A: Specifically how do you plan to achieve this?
IG: Social media is accessible to people all over the world and we want to increase our reach outside Pakistan. We are coordinating with the Foreign Office – for example, the British High Commission in Pakistan have a Twitter presence and they regularly upload Pakistan relevant videos in Urdu; we plan to replicate this with our diplomatic missions abroad and develop videos in the local language of the country. Recently, in collaboration with the Prime Minister’s Office, we set up an Arabic and Turkish version of the Prime Minister’s account – and it got thousands of followers in one day. Apart from digital diplomacy, for internal audiences, we are strengthening the digital media presence of government channels.
A: How big is your team?
IG: The Digital Media Wing comprises 23 individuals including myself. We have six digital communication officers who are the team leads and under them we have creative content writers, graphic designers and video editors. The structure is very similar to a modern digital agency, where we receive briefs from different government departments and create and disseminate content.
A: How much creative autonomy do you have in terms of developing your social media products?
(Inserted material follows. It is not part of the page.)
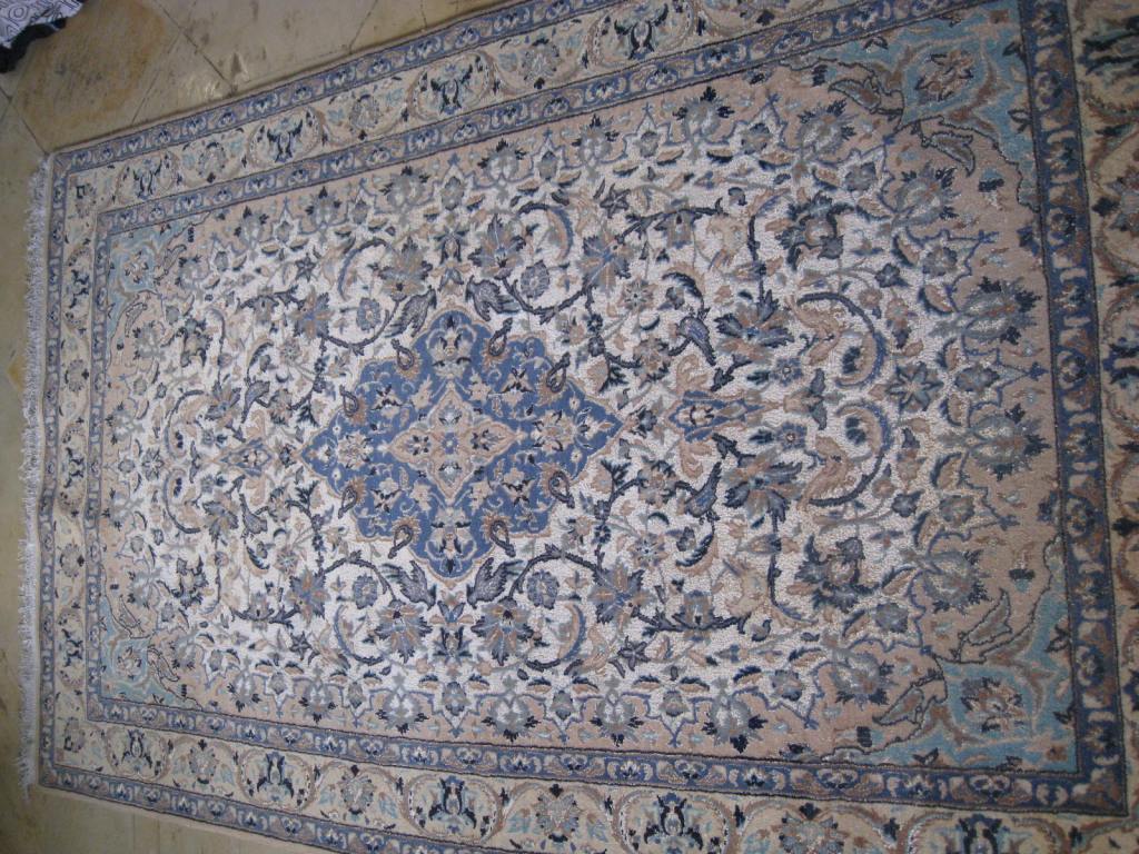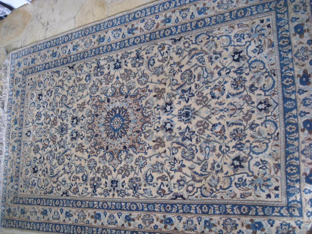 – Tapete azul e bege com flores, mais claro, mede 2,07 x 1,215, Naim Persa.

IG: We have a lot of creative autonomy. The basic factual information comes from the ministries, but there is no dictation in terms of how it should be treated, the kind of language used or who should be featured or interviewed. We plan to collaborate with content creators across Pakistan as well as YouTubers, and they will have total liberty to create content according to their mindset and how they see things. Bringing in human stories is another important aspect; a lot of the content that comes from government departments is data-driven. We want to convert the data into human stories and show how it impacts people on the ground. On Instagram, we have close to a million followers. In order to connect to Millennials and Gen Z, we need to develop content that is interesting, rather than just pushing information at them. The goal is to give them the information and let them be the judge of what they see.